During his research visit, he will focus on potential processes of securitization in regard to language proficiency in official language(s). In the context of international migration, language issues are becoming increasingly prominent as new communities are forming mainly (but not only) in urban settings. Such communities, which often concentrate in specific neighborhoods, may become ‘exclusive’ in linguistic terms, while the lack of contact with speakers of the local autochthonous languages(s) results in a low level of proficiency in the official languages. Such lack of proficiency has been framed often as a security threat and therefore language tests have been introduced as a prerequisite for the accession to basic services, as well as for the obtainment of legal documents (ID cards, residency permits, etc.). The research will focus on the ways in which such requirement of language proficiency in the standard official language(s) has been framed in securitized terms, as well as the impact (positive or negative) of these requirements on integration paths.
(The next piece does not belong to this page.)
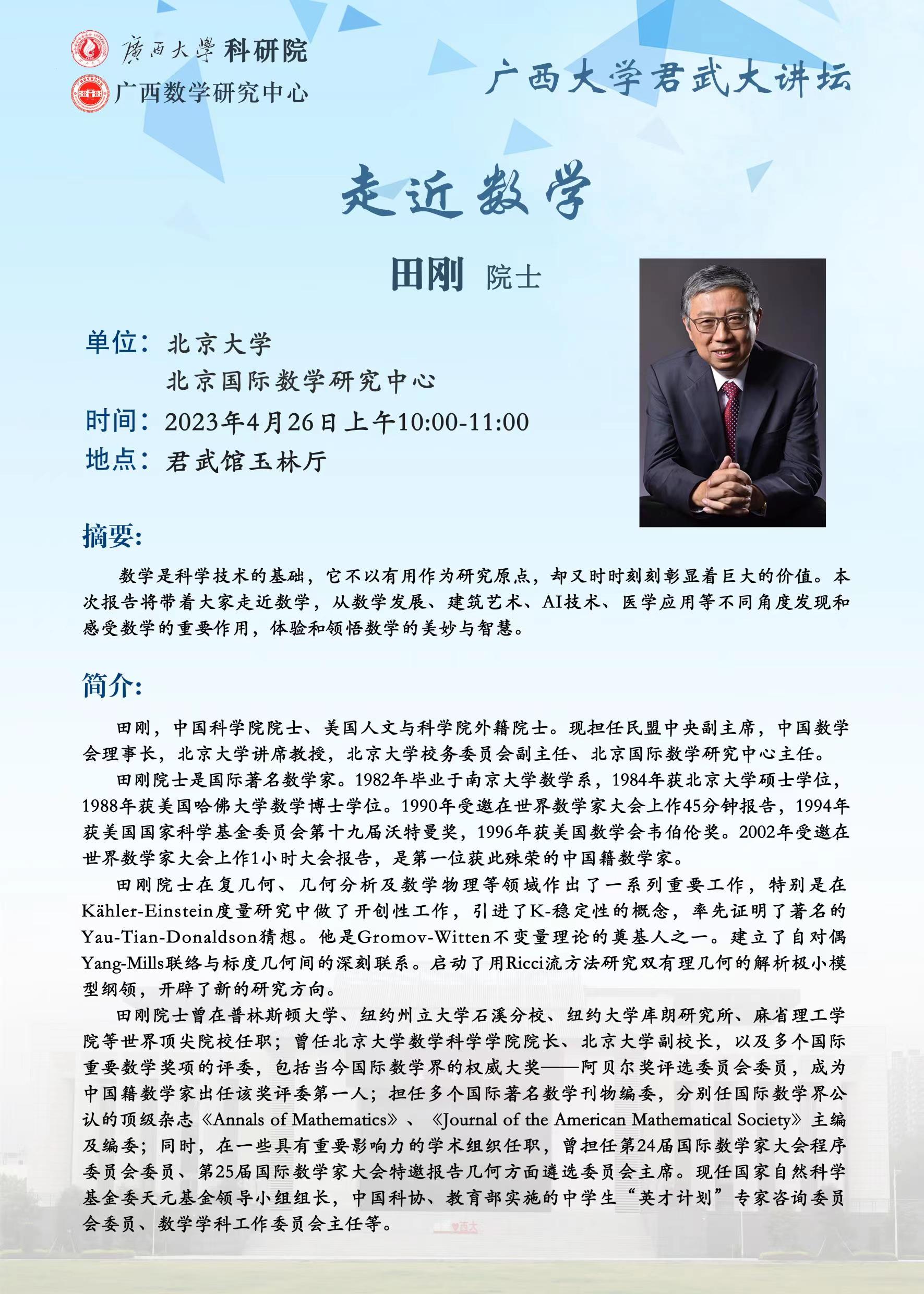beat365正版唯一官网必一君武大讲坛:走近数学

Yury Katliarou (Koç University)

Host institution: University of Glasgow

Research project: Role of Language in Nation Building: Contrasting Cases of the Celtic Nations of the British Isles

Yury Katliarou, Ph.D., is a lecturer at the College of Administrative Sciences and Economics at Koç University (Istanbul). He obtained his doctoral degree in Political Science and International Relations from Koç University in 2023. He completed his undergraduate degree in Political Science at the European Humanities University (Vilnius) in 2011 and his master’s degree in Eurasian Studies at the Middle East Technical University (Ankara) in 2015. He contributed to the multi-authored volume Georgia’s Muslim Communities: Minority Rights, Identity, Politics,published in 2016. He also co-authored a multimethod research article “Institutionalization of Ethnocultural Diversity and the Representation of European Muslims”, published in Perspectives on Politics in 2020 (printed version in 2021). His research interests include various aspects of nationalism and nation-building, ethnicity, language policy, minority rights, as well as the Eurasian region’s politics, economy, and society.
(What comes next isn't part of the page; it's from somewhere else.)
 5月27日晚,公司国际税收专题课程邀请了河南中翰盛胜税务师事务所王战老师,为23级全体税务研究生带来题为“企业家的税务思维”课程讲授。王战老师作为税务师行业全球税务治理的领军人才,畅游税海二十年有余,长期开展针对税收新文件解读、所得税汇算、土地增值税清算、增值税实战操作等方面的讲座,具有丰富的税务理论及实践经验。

Within the SECUREU fellowship framework, he is working on perceptions of language-related threats and the securitization of various aspects of language policies by nation states in response to (anticipated) changes in sociolinguistic makeup due to migration.

Zeyno Kececioglu (Koç University)

Host institution: Institut Barcelona d’Estudis Internacionals (IBEI)
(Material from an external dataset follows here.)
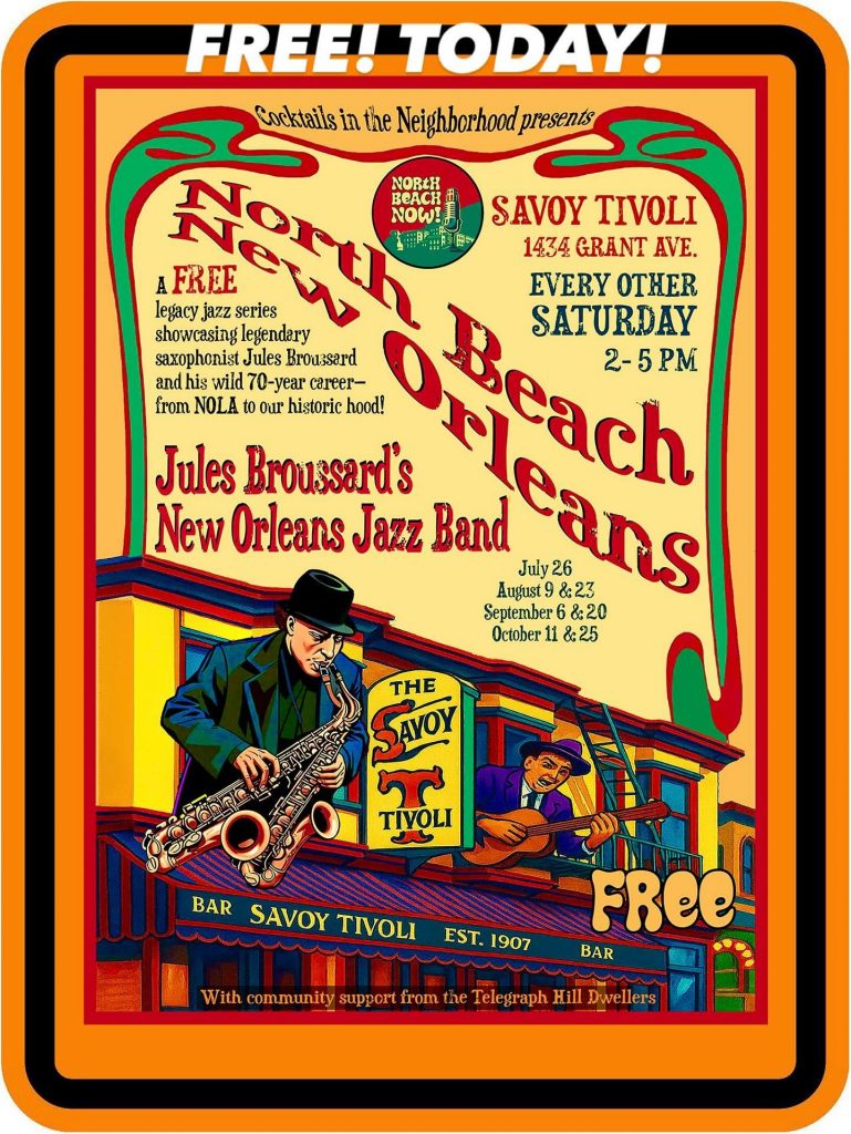 Legacy Jazz series showcasing legendary saxophonist Jules Brousard. Jules’ musical career spans over 7 decades from NOLA to historical North Beach. Experience the soulful sounds of jazz saxophone legend Jules Broussard live at the Savoy Tivoli. Dive into a night

Research project: Intersection between Nationalism, Ontological Security, and Abortion Policies

Zeyno Kececioglu is a Ph.D. student in the International Relations Department at Koç University, Istanbul, Turkey. She has actively engaged in academic pursuits since September 2018 as a research and teaching assistant at both Sabancı and Koç Universities. Her MA thesis examines the effect of ethnic and religious ties on the emergence and persistence of solidarity between Arab-Turkish citizens and Syrians in Turkey and the areas of contestation and conflict between the two communities. Within the scope of her doctoral dissertation, she aims to illuminate the diverse patterns exhibited in abortion legislation on a global scale. Employing a multifaceted approach, her research will involve in-depth case studies and comprehensive comparative quantitative analysis to unveil the fundamental causal mechanisms that inform the development of abortion laws. Notably, she has had the opportunity to present her research findings at prestigious international conferences, including those organized by the Association for the Study of Nationalities (ASN), The Center for Comparative Research on Democracy (CCRD) Humboldt University in Berlin, the Arab Center for Research and Policy Studies International Winter School, Qatar and the ECPR General Conference 2023. Her research interests encompass the fields of nationalism and religion, state-making, migration studies, and identity politics.